Danach fuhr ich mit Danni für eine Woche auf eine Schönheitsfarm, ehe ich strahlend schön und gestärkt zur Buchpremiere erschien und die Welt mit meiner wiedergewonnenen Jugend erschütterte. Und meinen Exfreund, was mir in dem Moment leider am wichtigsten war.

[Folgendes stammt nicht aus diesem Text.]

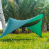 You will also understand that lugging loads of kit up and down hills is not the funist bit of hammock camping, so the new Lightest Tarp from Ticket to the Moon is just the job. It’s really high tech, personally, I’ve never seen such a compact tarp especially being full size and weighing so little. the specs are really impressive, have a look at the Tech Details tab above to get the full nerdy details. At the end of the day all you should care about is that it’s top of the range quality and weighs just 412g.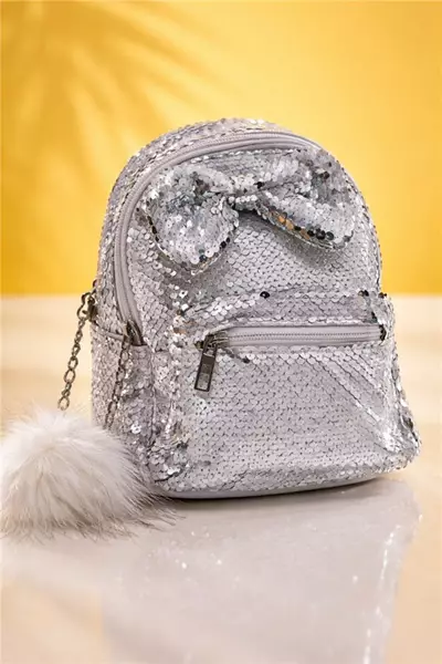 Ebm Accessories Pullu Kız Çocuk Sırt Çantası Gümüş Beyaz

Die Türglocke riss mich aus meiner Erinnerung und Danni aus ihrem Geplapper. Das war ihr Kollege Ralf, mit dem sie die Nachtschicht zusammen durchstand, und der sie nun abholte. Danni hatte mich die ganze Zeit vollgetextet, wohl wissend, dass es genau das war, was ich gebraucht hatte. An der Tür drückte sie mich dann zärtlich und hauchte in mein Ohr: »Geht’s dir besser, Schätzchen?«
»Ja, ich danke dir, Liebelein.« Ich lächelte müde.
Zu Hause schlief ich ein, ohne mein Trauerkleid abgelegt zu haben, und wachte erst auf, als Duft nach starkem Kaffee die Wohnung erfüllte.